- **WHAT YOU HAVE TO DO**: A verbatim copy of all the data is required; the pictures should not appear in it.

- **GIVEN DATA**:
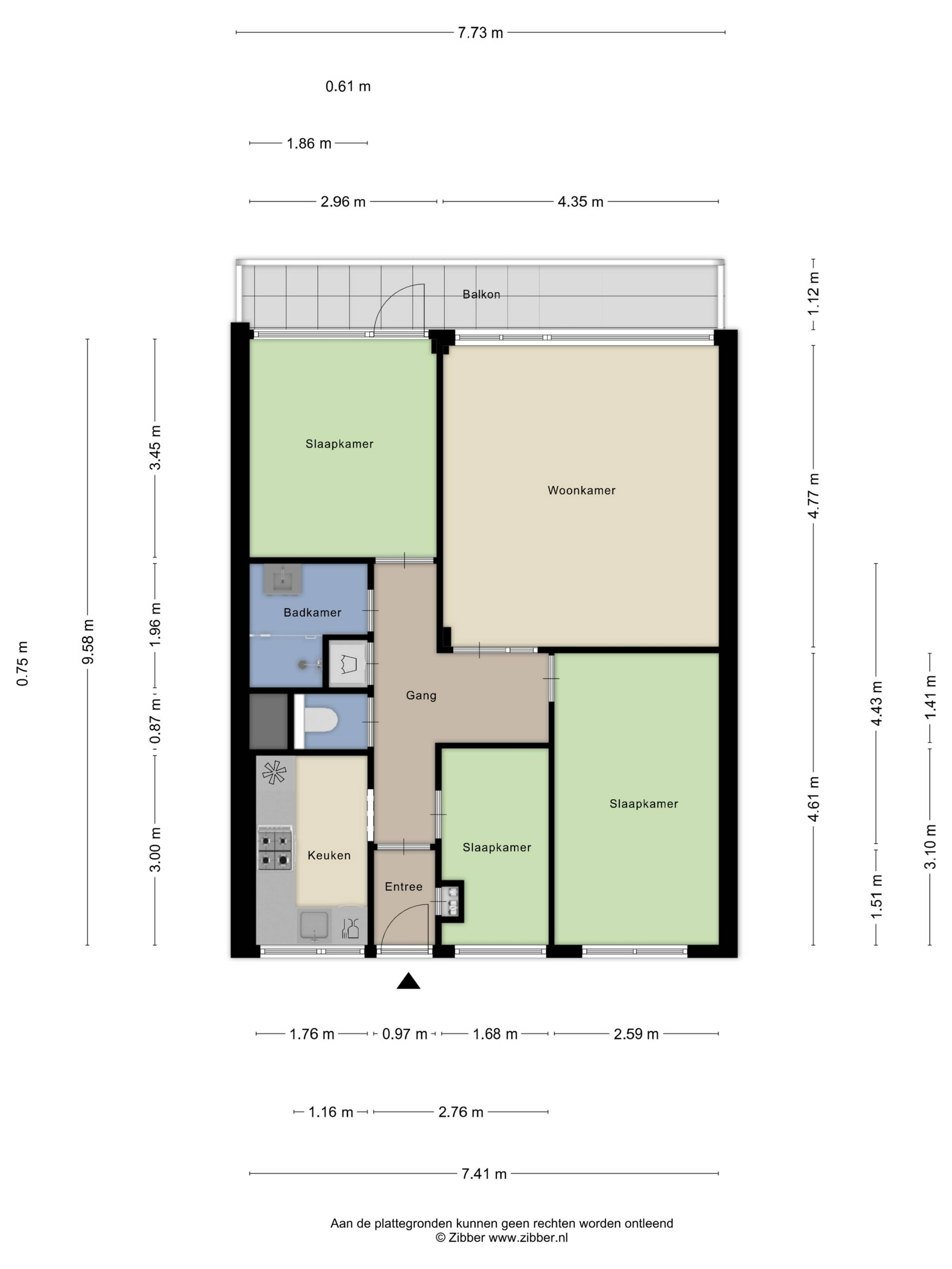 70 m2 4 kamers 3 slaapkamers
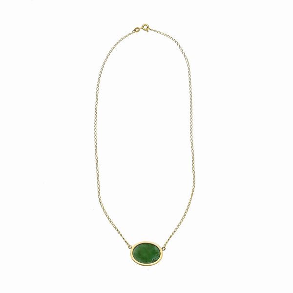 MATERIALE: oro giallo e pasta di turchese DESCRIZIONE: girocollo realizzato con catena a maglie intrecciate in oro e centrato da pasta di turchese taglio cabochon ovale, reca il marchio 750 MISURE: aperto 38.5x 1.7h PESO: gr 6.3
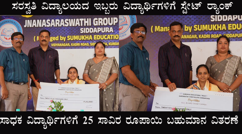 ಸಿದ್ದಾಪುರ: ಸರಸ್ವತಿ ವಿದ್ಯಾಲಯಕ್ಕೆ ಅತ್ಯುನ್ನತ ಗುಣಮಟ್ಟದ ಫಲಿತಾಂಶ, ಎರಡು ರ್ಯಾಂಕ್ – ಆಡಳಿತ ಮಂಡಳಿಯಿಂದ ಸನ್ಮಾನ
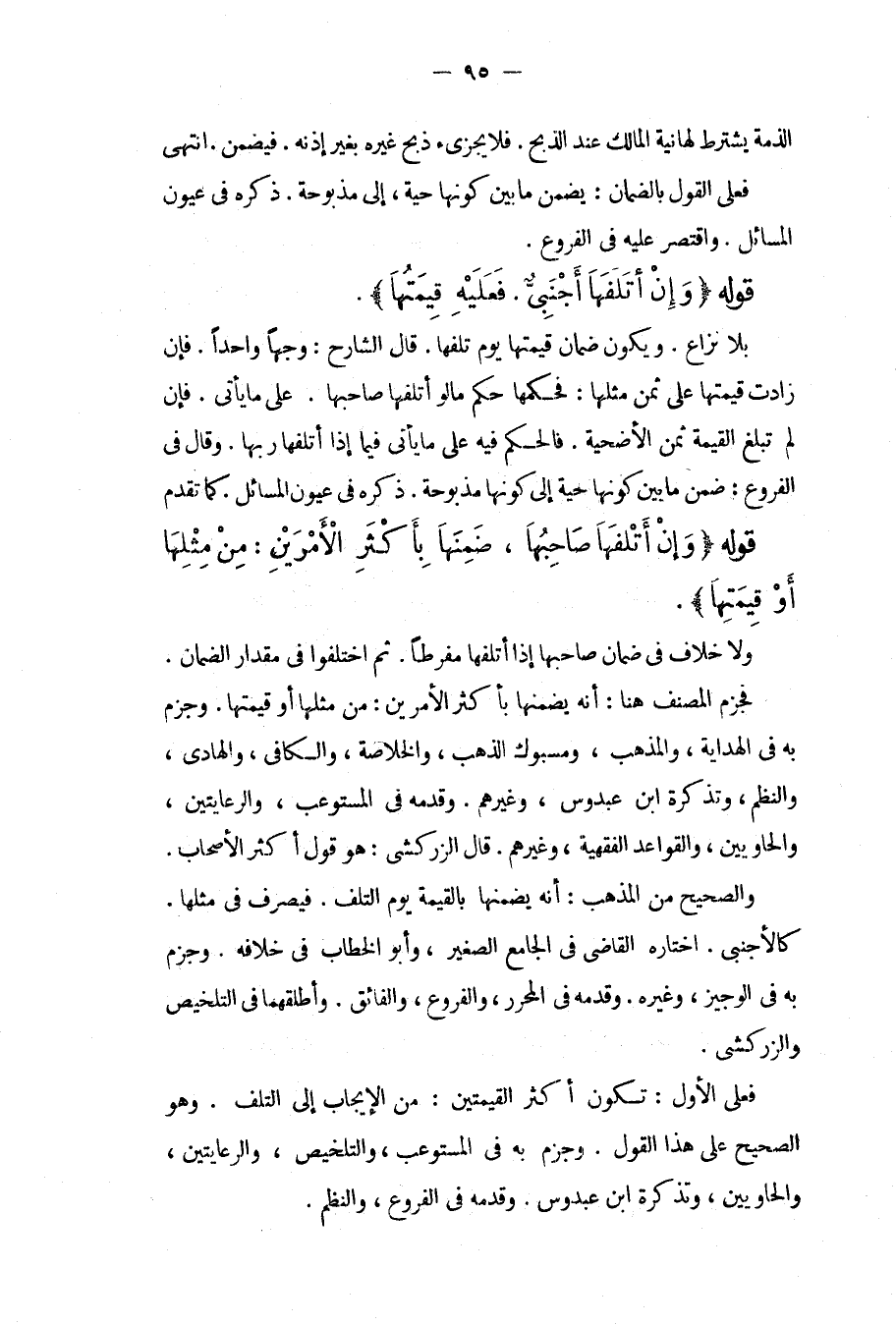 الذِّمَّةِ يُشْتَرَطُ لَهَا نِيَّةُ الْمَالِكِ عِنْدَ الذَّبْحِ فَلَا يُجْزِئُ ذَبْحُ غَيْرِهِ بِغَيْرِ إذْنِهِ فَيَضْمَنُ انْتَهَى فَعَلَى الْقَوْلِ بِالضَّمَانِ: يَضْمَنُ مَا بَيْنَ كَوْنِهَا حَيَّةً، إلَى مَذْبُوحَةً ذَكَرَهُ فِي عُيُونِ الْمَسَائِلِ وَاقْتَصَرَ عَلَيْهِ فِي الْفُرُوعِ

- **YOUR SOLUTION**:
 70 m2 4 kamers 3 slaapkamers
 MATERIALE: oro giallo e pasta di turchese DESCRIZIONE: girocollo realizzato con catena a maglie intrecciate in oro e centrato da pasta di turchese taglio cabochon ovale, reca il marchio 750 MISURE: aperto 38.5x 1.7h PESO: gr 6.3
 ಸಿದ್ದಾಪುರ: ಸರಸ್ವತಿ ವಿದ್ಯಾಲಯಕ್ಕೆ ಅತ್ಯುನ್ನತ ಗುಣಮಟ್ಟದ ಫಲಿತಾಂಶ, ಎರಡು ರ್ಯಾಂಕ್ – ಆಡಳಿತ ಮಂಡಳಿಯಿಂದ ಸನ್ಮಾನ
 الذِّمَّةِ يُشْتَرَطُ لَهَا نِيَّةُ الْمَالِكِ عِنْدَ الذَّبْحِ فَلَا يُجْزِئُ ذَبْحُ غَيْرِهِ بِغَيْرِ إذْنِهِ فَيَضْمَنُ انْتَهَى فَعَلَى الْقَوْلِ بِالضَّمَانِ: يَضْمَنُ مَا بَيْنَ كَوْنِهَا حَيَّةً، إلَى مَذْبُوحَةً ذَكَرَهُ فِي عُيُونِ الْمَسَائِلِ وَاقْتَصَرَ عَلَيْهِ فِي الْفُرُوعِ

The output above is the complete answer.